#### SUPPLIED MATERIAL
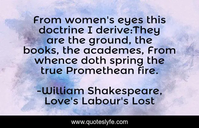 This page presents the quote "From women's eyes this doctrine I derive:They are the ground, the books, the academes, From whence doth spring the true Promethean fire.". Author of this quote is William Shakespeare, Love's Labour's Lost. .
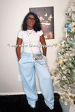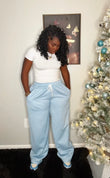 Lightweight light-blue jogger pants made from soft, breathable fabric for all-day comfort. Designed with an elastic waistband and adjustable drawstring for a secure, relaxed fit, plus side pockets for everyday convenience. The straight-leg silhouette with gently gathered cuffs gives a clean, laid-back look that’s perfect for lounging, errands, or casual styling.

...

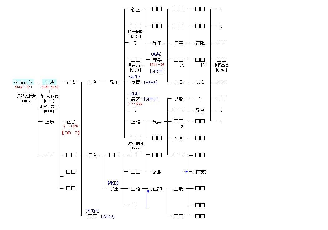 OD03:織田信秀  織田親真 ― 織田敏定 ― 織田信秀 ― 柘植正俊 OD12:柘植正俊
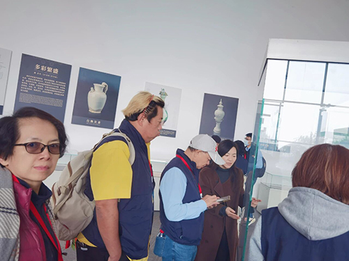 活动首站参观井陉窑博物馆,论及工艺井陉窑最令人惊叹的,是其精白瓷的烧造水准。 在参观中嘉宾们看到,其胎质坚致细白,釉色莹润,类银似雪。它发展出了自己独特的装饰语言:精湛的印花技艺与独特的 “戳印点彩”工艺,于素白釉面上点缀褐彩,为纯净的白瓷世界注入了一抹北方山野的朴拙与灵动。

#### TASK ITEM
Your reply is to be an exact repeat of the listing above from the line holding "This page presents" down to the line holding "Lightweight light-blue jogger", ends included, pictures excluded.

#### OUTPUT OF THE EXERCISE
 This page presents the quote "From women's eyes this doctrine I derive:They are the ground, the books, the academes, From whence doth spring the true Promethean fire.". Author of this quote is William Shakespeare, Love's Labour's Lost. .
 Lightweight light-blue jogger pants made from soft, breathable fabric for all-day comfort. Designed with an elastic waistband and adjustable drawstring for a secure, relaxed fit, plus side pockets for everyday convenience. The straight-leg silhouette with gently gathered cuffs gives a clean, laid-back look that’s perfect for lounging, errands, or casual styling.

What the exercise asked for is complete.